What is a sensible way to approach this question?


It turns out a better question is to ask if the data is 'missing completely at random' or not. What is a sensible way to do that?

Andre Silva
  • 3,070
  • 5
  • 28
  • 55
graffe
  • 1,799
  • 1
  • 22
  • 34
  • If there is no association between the missing indicator and any observed variable, then the missing data mechanism is MCAR. – Randel Sep 19 '15 at 16:30
  • @Randel What is a good test to apply in practice to test this ? – graffe Sep 19 '15 at 16:43
  • Nothing special than a correlation test or regression. – Randel Sep 19 '15 at 17:53
  • @Randel Would you mind saying a bit more, maybe as an answer? My feature vectors have many features. I could build a classifier separately for each feature with the classes "missing" or "not missing". Is that what you had in mind? It doesn't seem so obvious how to do this if different features can be missing in different vectors. – graffe Sep 19 '15 at 18:25
  • I believe that an author proposed a test to check if data is MCAR vs MAR. I can't seem to find it however. It isn't widely used though. As for your data, there is always the chance that it will be MNAR, but if you think that any of your data can help you predict missingness, then MAR should be a valid assumption. – RayVelcoro Sep 25 '15 at 00:34
  • 3
    It is not something you test, it is something you *assume*. – Tim Sep 25 '15 at 15:20
  • 5
    Just to be clear: missing *completely at random* means that the missingness probability is a constant, it depends on nothing. Missing *at random* means that missingness depends on some measured factors, like age or sex, so that you can use some models to fill in the missing patterns. Missing *not at random* means missingness depends on things you *did not* measure. In the question OP **says** NMAR vs. MAR but OP **means** MAR vs MCAR. – AdamO Feb 09 '18 at 22:18

5 Answers5

19

This is not possible, unless you managed to retrieve missing data.
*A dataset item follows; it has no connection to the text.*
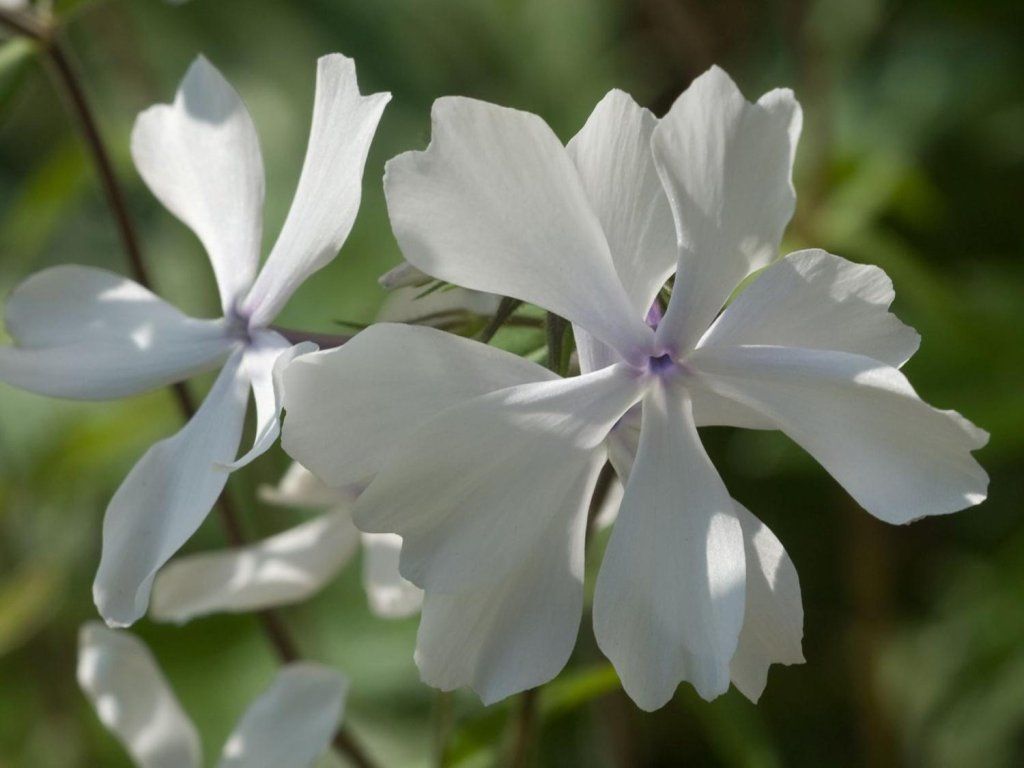 Phlox divaricata 'White perfume' – eine weniger bekannte, zwergwüchsige Phlox-Sorte, die bis zu 30 cm hoch wird. Sie bildet niedrige, kompakte Büschel, die im Mai und Juni reichlich mit luftigen, reinweißen Blüten mit einem ausgeprägten violetten Zentrum blühen. Sie duftet intensiv. Die Blätter sind frischgrün, oval und an den Spitzen spitz zulaufend. Sie eignet sich für jede Staudenpflanzung und ist aufgrund ihres niedrigeren Wuchses hervorragend als Unterpflanzung für höhere Ziersträucher oder Bäume geeignet.
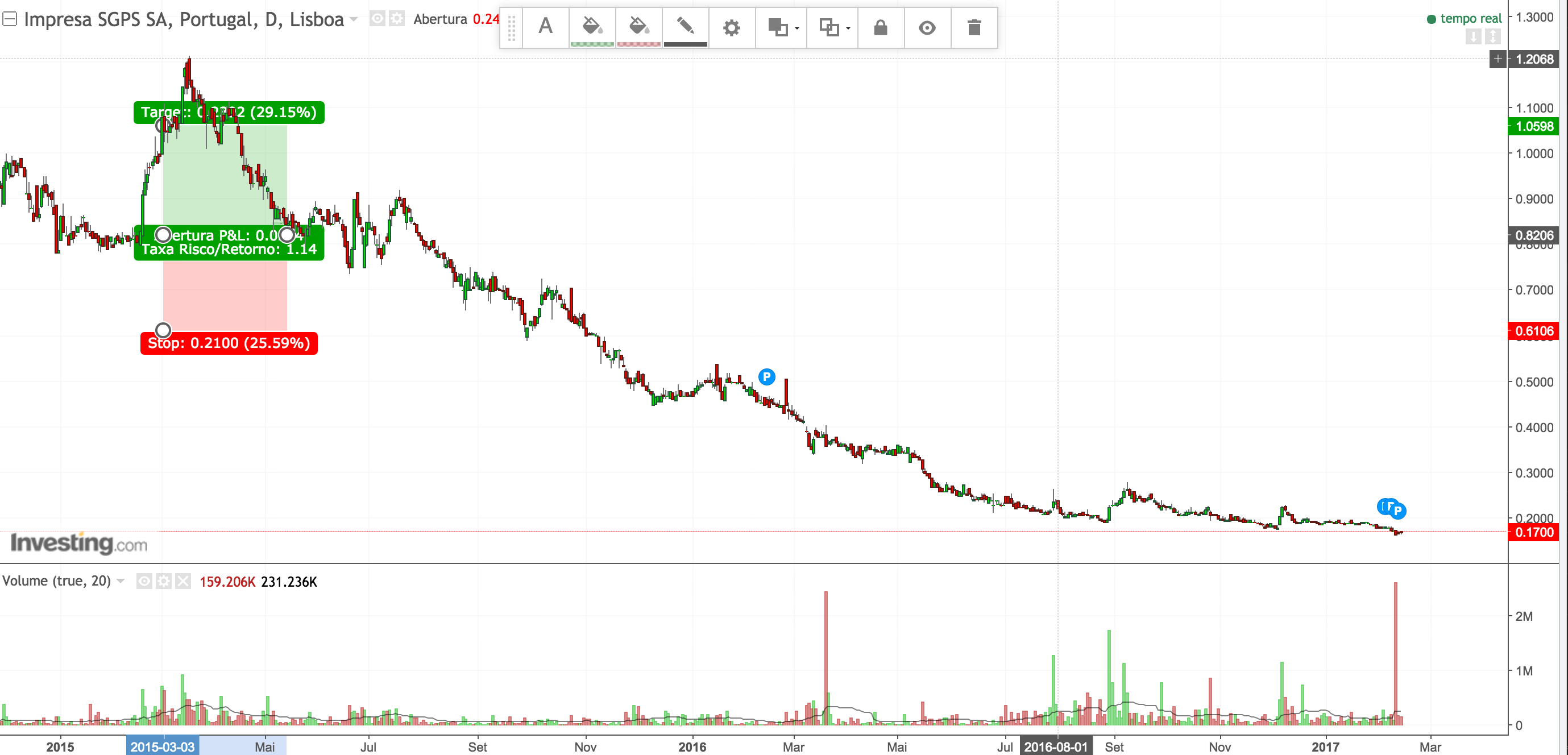 Pelo lado negativo, se for abaixo da linha a vermelho a operação é fechada, apesar de acreditar que será um fecho errado (pelo valor irrisório que o mercado atribui à impresa) mas é o que tenho definido.

You cannot determine from the observed data whether the missing data is missing at random (MAR) or not at random (MNAR). You can only tell whether the data is clearly not missing completely at random (MCAR). Beyond that only appeal to plausibility of MCAR or MAR as opposed to MNAR based on what you know (e.g. reported reasons for why data is missing). Alternatively, you might be able to argue that it does not matter too much, because the proportion of missing data is small and under MNAR very extreme scenarios would have to happen for your results to be overturned (see "tipping point analysis").

Björn
  • 21,227
  • 2
  • 26
  • 65
  • 1
    Thank you very much. What's a good way to tell if the data is MCAR ? – graffe Sep 13 '15 at 16:53
  • @Björn, above may need to be reworded to reflect essential asymmetries in what we can learn from data. Although it is possible to *falsify* a hypothesis that data are MCAR (viz., by building a model that exploits the observed covariates to account for some part of the missingness), it is not possible to *confirm* MCAR or any other such hypothesis. – David C. Norris Sep 24 '15 at 19:53
  • Good point. I made that clearer. – Björn Sep 24 '15 at 23:57
8

I found the information I was talking about in my comment.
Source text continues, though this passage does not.